A Cool Million
- 1961 reprint cover
- Author: Nathanael West
- Language: English
- Genre: Parody, farce
- Published: 1934 (Covici-Friede)
- Publication place: United States
- Media type: Print (hardback & paperback)
- Pages: 229 pp
- Preceded by: Miss Lonelyhearts

= A Cool Million =

1934 novel by Nathanael West

A Cool Million: The Dismantling of Lemuel Pitkin is Nathanael West's third novel, published in 1934. It is a brutal satire of Horatio Alger's novels and their eternal optimism.

==Plot summary==
A Cool Million, as its subtitle suggests, presents "the dismantling of Lemuel Pitkin," piece by piece. As a satire of the Horatio Alger myth of success, the novel is evocative of Voltaire's Candide, which satirized the philosophical optimism of Gottfried Wilhelm Leibniz and Alexander Pope. Pitkin is a typical "schlemiel", stumbling from one situation to the next; he is robbed, cheated, unjustly arrested, frequently beaten and exploited. In a parallel plot, Betty Prail, Pitkin's love interest, is raped, abused, and sold into prostitution. Over the course of the novel, Pitkin loses an eye, his teeth, his thumb, his scalp and his leg, but nevertheless retains his optimism and gullibility to the inevitably bitter end.

Pitkin's troubles, however, do not end with his death. He is exploited as a martyr by the National Revolutionary Party, a political organization led by right-wing populist Shagpoke Whipple, a failed banker and manipulative former American president. Pitkin's birthday becomes a national holiday, and American youths march down the streets singing songs in his honor. Whipple speaks out against aliens and calls for a rejection of "sophistication, Marxism and International Capitalism." The novel ends with a series of roaring "hails" from the crowd.

==Literary significance and criticism==

Pitkin's pathetic inability to conform to society's standards, or to the "American" way of life, is the main cause of his repeated failures. Nevertheless, there is something admirable in Pitkin's naïve persistence, as West wrote in a letter to S. J. Perelman:

Suppose he had the Horatio Alger slant and was a guy who was trying to get one foot on the ladder of success and they were always moving the ladder on him, but they couldn’t touch the dream.

West not only parodies Alger by mimicking his prose style, but he also lifted several passages directly from a number of different Alger novels.

In A Cool Million, West presents Italian slavers, Chinese pimps, brutal Irish cops, and greedy Jewish lawyers. Though most of the early criticism dismissed the novel as too direct a parody to have any real literary merit, it is seen by some as an early example of postmodernism.
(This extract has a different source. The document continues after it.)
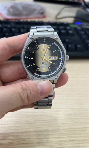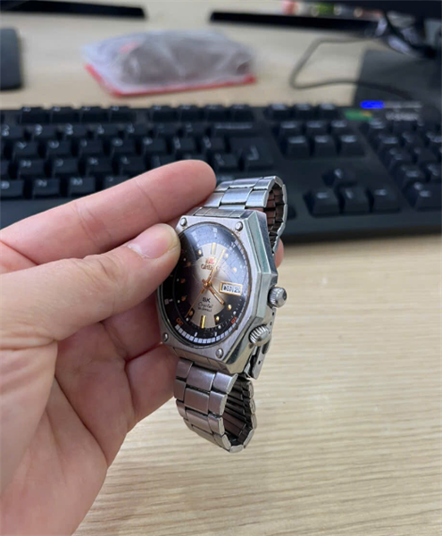 Hàng lướt 80% - Đồng hồ ORIENT - dây kim loại màu trắng - mặt màu đen vàng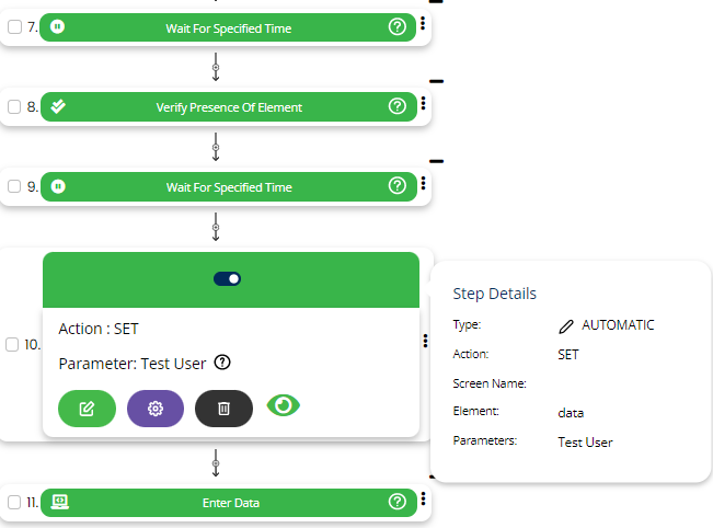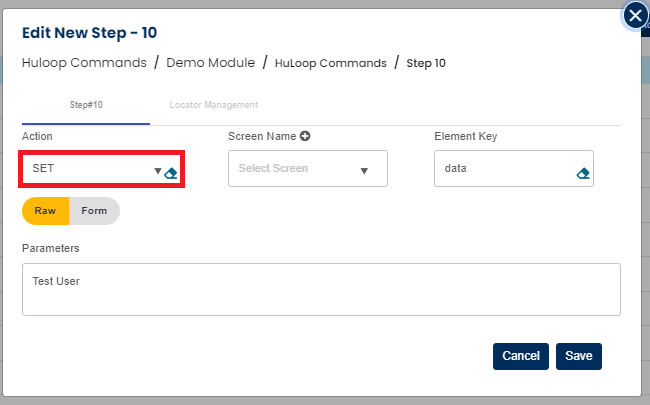 Select SET command from the action drop down, leave Screen name blank, Give variable name in the Element key and provide its value in parameter section as shown below:

Harold Bloom includes A Cool Million in his list of canonical works of the period he names the Chaotic Age (1900–present) in The Western Canon. Bloom also deems the rhetoric used by Shagpoke Whipple as prophetic of such presidents as Ronald Reagan.

==Publication history==
West began writing A Cool Million in the fall of 1933. A handwritten first draft was completed in November. Though Harcourt, Brace rejected the novel, West continued to work on it until it was finally accepted by Covici-Friede in March 1934. The novel was published in New York City in an edition of 3,000 copies to mixed reviews and poor sales; it was not reprinted in West's lifetime. The novel later appeared in several reprints starting from 1940, following West's renewed fame, and was collected in a single volume edition of the complete novels, as well as in the Library of America edition of West's collected works.

==A Cool Million - a screen story==
In September 1940, West wrote an original screen story in collaboration with Boris Ingster. They used A Cool Million as their title, though the story had nothing to do with the novel, hoping that a studio would pay more for a story allegedly based on a published book. West was certain that no one would actually read the book to check whether the screen story had any relation to the novel. On September 24, 1940, Columbia Pictures bought the story for $10,000 and assigned it to screenwriter Sidney Buchman. However, the studio soon abandoned the project, and A Cool Million was never filmed. The text of the screen story appears in the Library of America's edition of West's work.